According to Lane, the Irish theologian, that new situation requires a "new cosmic consciousness," which comes with a new responsibility. He explains, "One way of putting information technology-and it is quite accurate, theologically speaking-is this: Nix happens between heaven and earth without human cooperation.

"If you wait at the history of salvation, even down to the Incarnation, it would non have happened without the collaboration of Mary. And the ministry of Jesus would not accept taken off in the manner it did without the response of the disciples."

One way for humans to "cooperate" with the history of conservancy today is to safeguard the Christian hope for the Second Coming and for the life of the world to come up by doing everything possible to go along humanity from bringing virtually a premature and catastrophic end of the earth.

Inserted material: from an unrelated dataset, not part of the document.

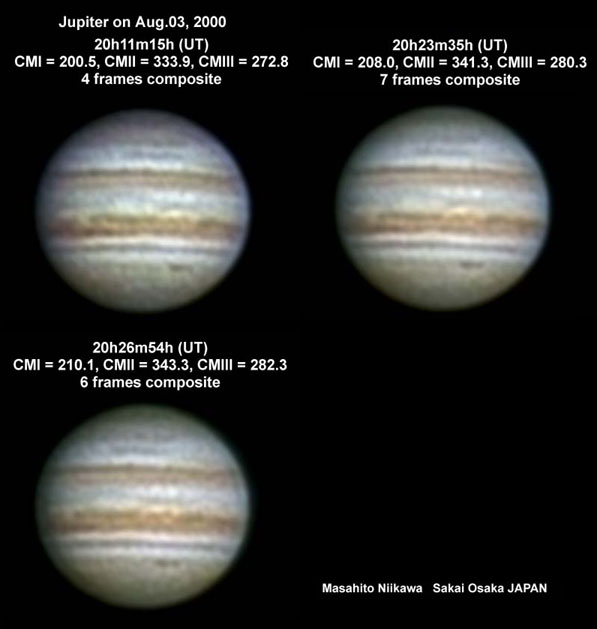 ![]() No. 8 2000/08/03 19h37m(UT) I=178.3 II=311.9 III=251.9 No. 9 2000/08/03 19h40m(UT) I=180.1 II=313.7 III=253.7 No.10 2000/08/03 20h02m(UT) I=193.5 II=327.0 III=267.0 250mm Newton, BITRAN BT-01, LRGB Seeing:7-8/10 Transp.:9/10 | ||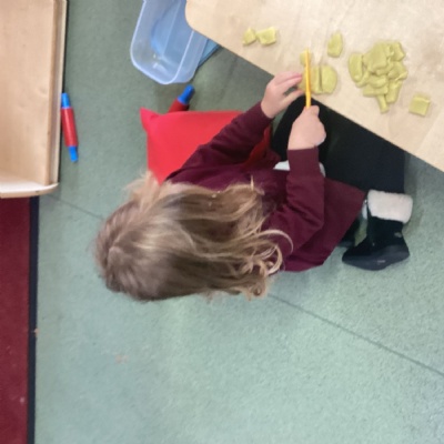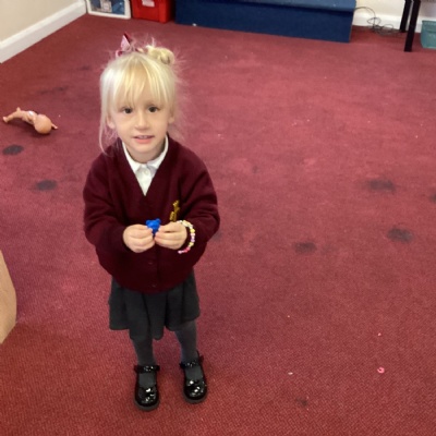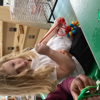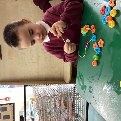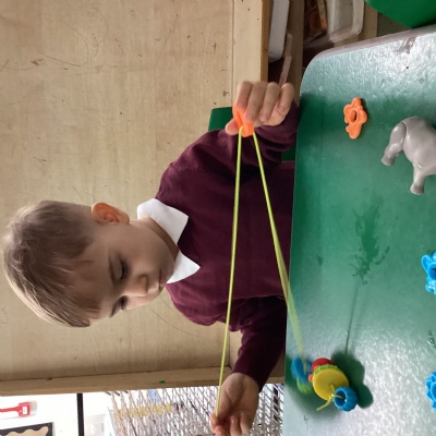 To work on our fine motor skills, this week, we have worked hard to learn how to thread beads onto pieces of string.

If Christians manage to practice that and participate in other means in building the kingdom of God, they can, in God's own time, look forward to seeing the promise of the Book of Revelation fulfilled:

Then I saw a new heaven and a new world. . . . And I heard a loud vocalisation from the throne saying, . . . 'He will wipe every tear from their eyes. Death will be no more; mourning and crying and pain will be no more. . . .' And the one seated on the throne said, 'Meet I am making all things new' (Rev. 21:1-five).

Related:

Rapturing books: Read more on the end times

Debunking end-times myths

This article appeared in the December 2009 result of U.Due south. Catholic (Vol. 74, No. 12, page xx).